The principal political consequences, was the low credibility and faith to the government, the lack of respected to public institutions.
The obvious economical consequence let the United States analyze better the engaging in future conflicts. The estimated cost of the Vietnam War was 167 billion dollars. Unwilling to raise taxes to pay for the war, President Johnson unleashed a cycle of inflation, and mounting federal debt that severely damages the U.S. economy, deteriorated the living standards
from 1960 to 1990.
Another consequence that gradually emerged was the behavior of the citizens against the veterans, they were not treated as heroes, some of them were denigrated, and most of them were ignored. Even more three quarters of a million became homeless, the rest of them fall in the uneducated, poor badly category. The biggest social consequence was the facts of more veterans have committed suicide than died in the war itself.

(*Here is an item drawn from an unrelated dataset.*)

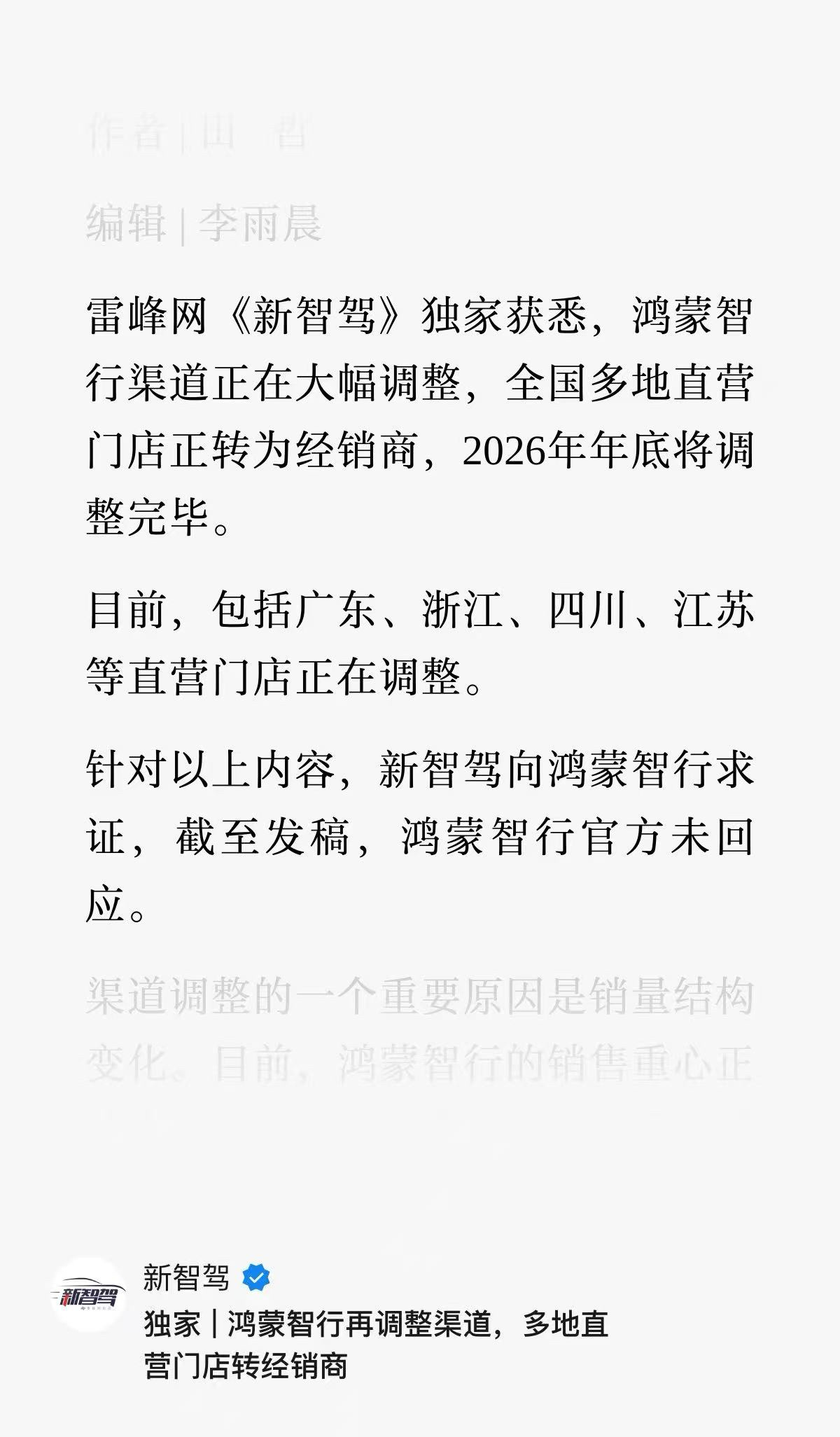 雷峰网《新智驾》独家获悉,鸿蒙智行渠道正在大幅调整,全国多地直营门店正转为经销商,2026年年底将调整完毕。现在鸿蒙智行渠道以经销商为主,直营门店转为经销商是必然趋势。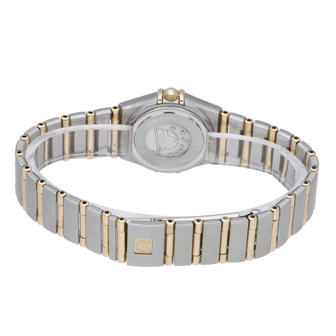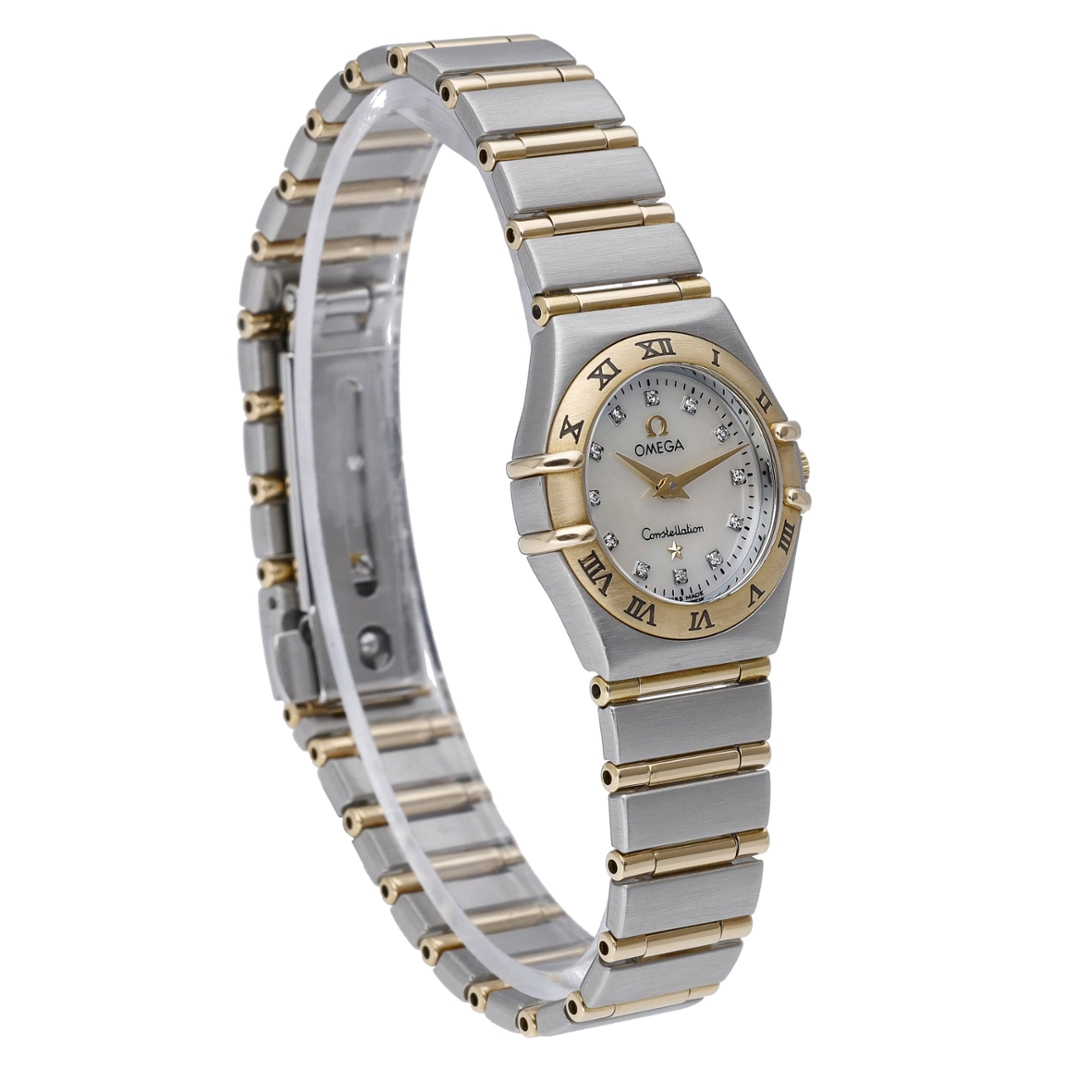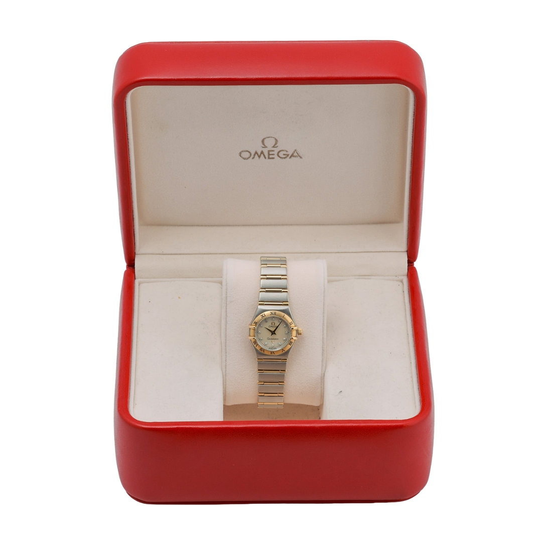 An Omega Constellation Watch in bi-metal stainless steel and 18ct yellow gold, presented in immaculate condition, showcasing a refined and elegant design within Omega’s iconic Constellation line. The 22mm case is complemented by the signature integrated bracelet, combining brushed steel with gold accents for a balanced and sophisticated wrist presence. The mother-of-pearl dial has been afterset with diamond hour markers, offering a bright, iridescent finish enhanced by added brilliance, while the classic Roman numeral bezel frames the dial beautifully.

After almost a quarter of a century after the Vietnam War ended, the ashes of war still prevail in the minds of Americans. If our current politicians and leaders do not learn from the past, we can find ourselves as a nation fighting in more unwanted wars and counting more unnecessary victims. Current resentment towards the government, lack of benefits for our veterans, and the vast public mistrust all allude to ripe conditions that existed during the Vietnam War. Americans can use the past to learn from and shape the way America engages in all future conflicts.